▶ Work request:
When you transcribe the lines below, keep every word the same and leave the pictures behind.

▶ Supplied data:
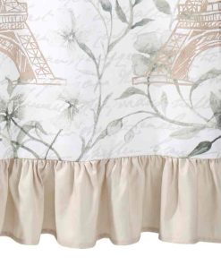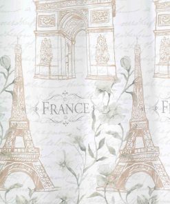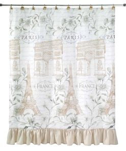 The Avanti Paris Botanique Shower Curtain is printed with the Eiffel Tower and Arc de Triomphe in gold and "Paris" and "France" and vines, flowers and words in a grey background on an ivory ground. The shower curtain is finished with a coordinating ruffle at the bottom. 72" x 72", polyester.
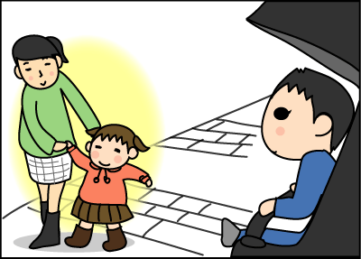 と厳しく言い聞かせると 10分位は手をつないで
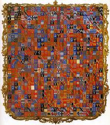 | Keywords: Grenville Diptych edit.jpg Edit for WP FPC The Stowe Armorial coat of arms is the centrepiece of the Gothic Library at Stowe http //en wikipedia org/wiki/Stowe_House The Library was commissioned by George Nugent-Temple-Grenville 1st Marquess of Buckingham See Viscount Cobham http //en wikipedia org/wiki/Viscount_Cobham and built to a design by Sir John Soane http //en wikipedia org/wiki/John_Soane between 1805 and 1807 The armorial is a 1 4m diameter heraldic painting of the 719 quarterings of the Temple Nugent Brydges Chandos and Grenville families including ten variations of the English Royal arms the arms of Spencer De Clare Valence Mowbray Mortimer and De Grey The painting is signed and dated P Sonard 1806 <ref>Stowe House Michael Bevington 2002 </ref> Stowe Armorial ou Armorial Grenville à Stowe ; réalisé entre 1822 et 1839 pour Richard Temple-Grenville marquis de Chandos et fils du premier duc de Buckingham et de Chandos afin de mettre en valeur les 719 quartiers de la famille Il est considéré comme exemple extravagant de triage héraldique Ce blasonnement est la pièce maîtresse de la Bibliothèque néogothique de Stowe_House commanditée par George Nugent-Temple-Grenville 1er marquis de Buckingham Voir http //en wikipedia org/wiki/Viscount_Cobham Vicomte Cobham et construit selon les plans de Sir John Soane entre 1805 et 1807 Cet armorial est une peinture héraldique large de 1 4 m des 719 quartiers des familles Temple Nugent Brydges Chandos et Grenville incluant dix variations des armoiries royales anglaises les armes de Spencer de De Clare de Valence de Mowbray de Mortimer et De Grey Cette oeuvre est signée et datée P Sonard 1806 unknown 1806 P Sonard Image is in the public domain because of its age It is more than 150 years old as of 2006 See File Grenville_Diptych jpg File Grenville_Diptych_edit2 jpg PD-old-100 Diptychs Heraldic divisions Paintings of coats of arms Stowe Armorial |
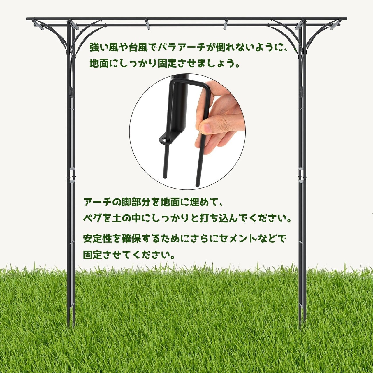 強い風や台風でバラアーチが倒れないように、地面にしっかり固定させましょう。アーチの脚部分を地面に埋めて、セメントなどで固定させます。
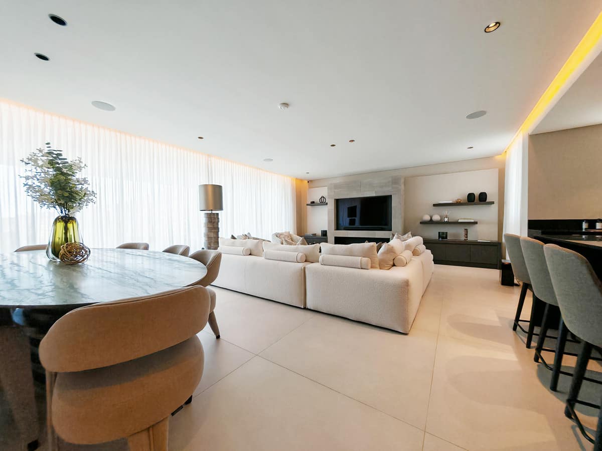 The apartment is sold fully furnished and decorated both indoors and outdoors with high-quality furniture, including pieces from the brand Eichholtz.
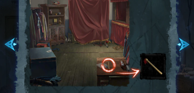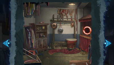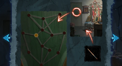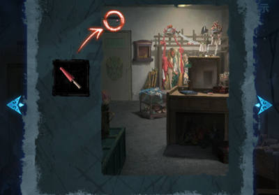 17、使用沾有红色油彩的化妆笔,在门上的脸谱上完成一笔画,打开通向仓库的门。
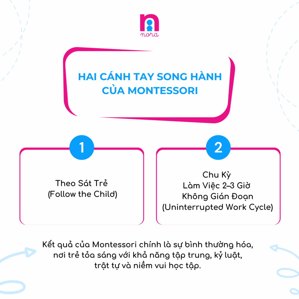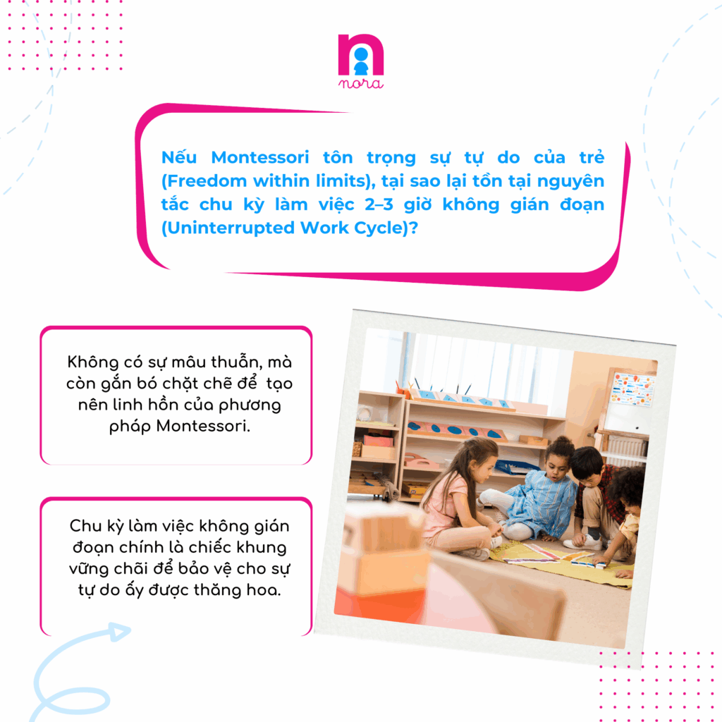 “Tự do của trẻ chỉ có ý nghĩa khi đi cùng với một môi trường được chuẩn bị (Prepared Environment) và một khoảng thời gian đủ dài để nuôi dưỡng sự tập trung sâu (Concentration). Chu kỳ làm việc không gián đoạn chính là chiếc khung vững chãi để bảo vệ cho sự tự do ấy được thăng hoa.“
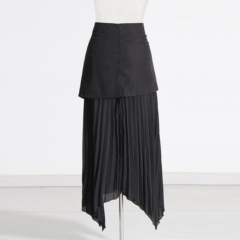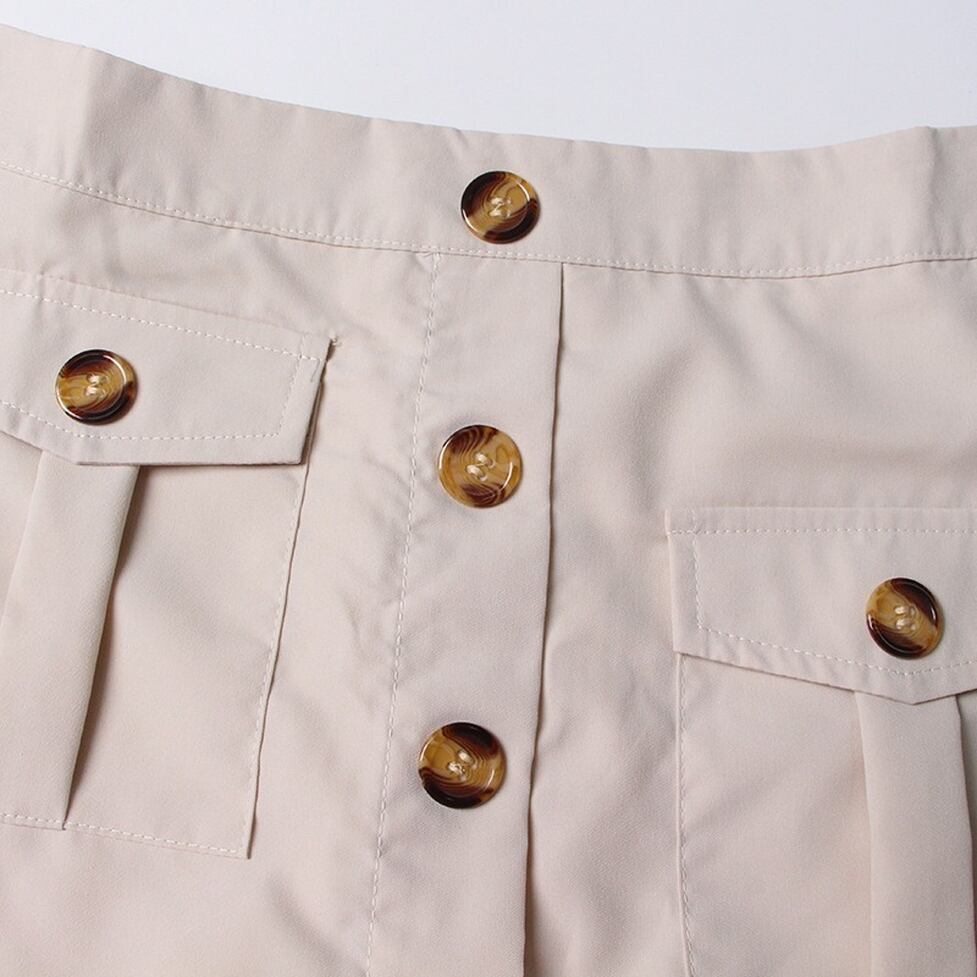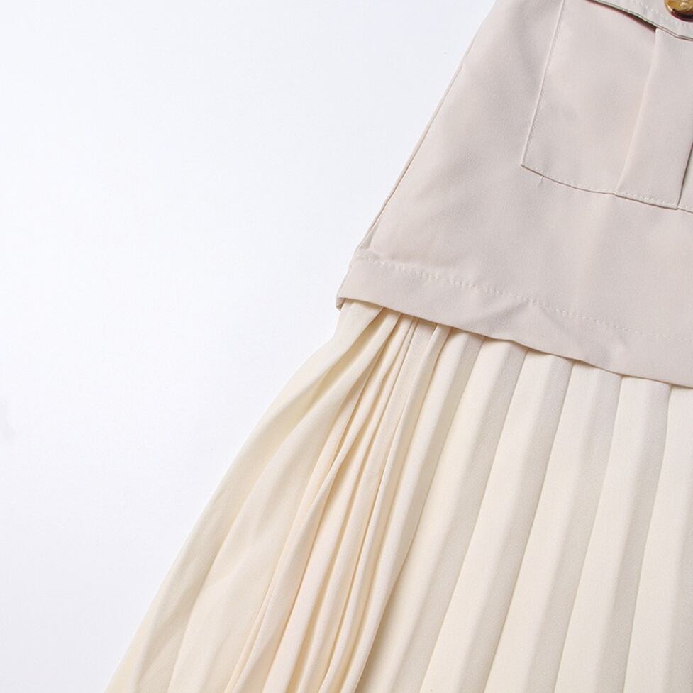 カーゴ風とプリーツの異素材ドッキングスカート。すっきりした見た目に導いてくれる後ろ姿までレディに演出。微糖な甘さと女性らしいやわらかさが宿る女性的でしなやかな曲線をメイク。

▶ Task answer:
 The Avanti Paris Botanique Shower Curtain is printed with the Eiffel Tower and Arc de Triomphe in gold and "Paris" and "France" and vines, flowers and words in a grey background on an ivory ground. The shower curtain is finished with a coordinating ruffle at the bottom. 72" x 72", polyester.
 と厳しく言い聞かせると 10分位は手をつないで
 | Keywords: Grenville Diptych edit.jpg Edit for WP FPC The Stowe Armorial coat of arms is the centrepiece of the Gothic Library at Stowe http //en wikipedia org/wiki/Stowe_House The Library was commissioned by George Nugent-Temple-Grenville 1st Marquess of Buckingham See Viscount Cobham http //en wikipedia org/wiki/Viscount_Cobham and built to a design by Sir John Soane http //en wikipedia org/wiki/John_Soane between 1805 and 1807 The armorial is a 1 4m diameter heraldic painting of the 719 quarterings of the Temple Nugent Brydges Chandos and Grenville families including ten variations of the English Royal arms the arms of Spencer De Clare Valence Mowbray Mortimer and De Grey The painting is signed and dated P Sonard 1806 <ref>Stowe House Michael Bevington 2002 </ref> Stowe Armorial ou Armorial Grenville à Stowe ; réalisé entre 1822 et 1839 pour Richard Temple-Grenville marquis de Chandos et fils du premier duc de Buckingham et de Chandos afin de mettre en valeur les 719 quartiers de la famille Il est considéré comme exemple extravagant de triage héraldique Ce blasonnement est la pièce maîtresse de la Bibliothèque néogothique de Stowe_House commanditée par George Nugent-Temple-Grenville 1er marquis de Buckingham Voir http //en wikipedia org/wiki/Viscount_Cobham Vicomte Cobham et construit selon les plans de Sir John Soane entre 1805 et 1807 Cet armorial est une peinture héraldique large de 1 4 m des 719 quartiers des familles Temple Nugent Brydges Chandos et Grenville incluant dix variations des armoiries royales anglaises les armes de Spencer de De Clare de Valence de Mowbray de Mortimer et De Grey Cette oeuvre est signée et datée P Sonard 1806 unknown 1806 P Sonard Image is in the public domain because of its age It is more than 150 years old as of 2006 See File Grenville_Diptych jpg File Grenville_Diptych_edit2 jpg PD-old-100 Diptychs Heraldic divisions Paintings of coats of arms Stowe Armorial |
 強い風や台風でバラアーチが倒れないように、地面にしっかり固定させましょう。アーチの脚部分を地面に埋めて、セメントなどで固定させます。
 The apartment is sold fully furnished and decorated both indoors and outdoors with high-quality furniture, including pieces from the brand Eichholtz.
 17、使用沾有红色油彩的化妆笔,在门上的脸谱上完成一笔画,打开通向仓库的门。
 “Tự do của trẻ chỉ có ý nghĩa khi đi cùng với một môi trường được chuẩn bị (Prepared Environment) và một khoảng thời gian đủ dài để nuôi dưỡng sự tập trung sâu (Concentration). Chu kỳ làm việc không gián đoạn chính là chiếc khung vững chãi để bảo vệ cho sự tự do ấy được thăng hoa.“
 カーゴ風とプリーツの異素材ドッキングスカート。すっきりした見た目に導いてくれる後ろ姿までレディに演出。微糖な甘さと女性らしいやわらかさが宿る女性的でしなやかな曲線をメイク。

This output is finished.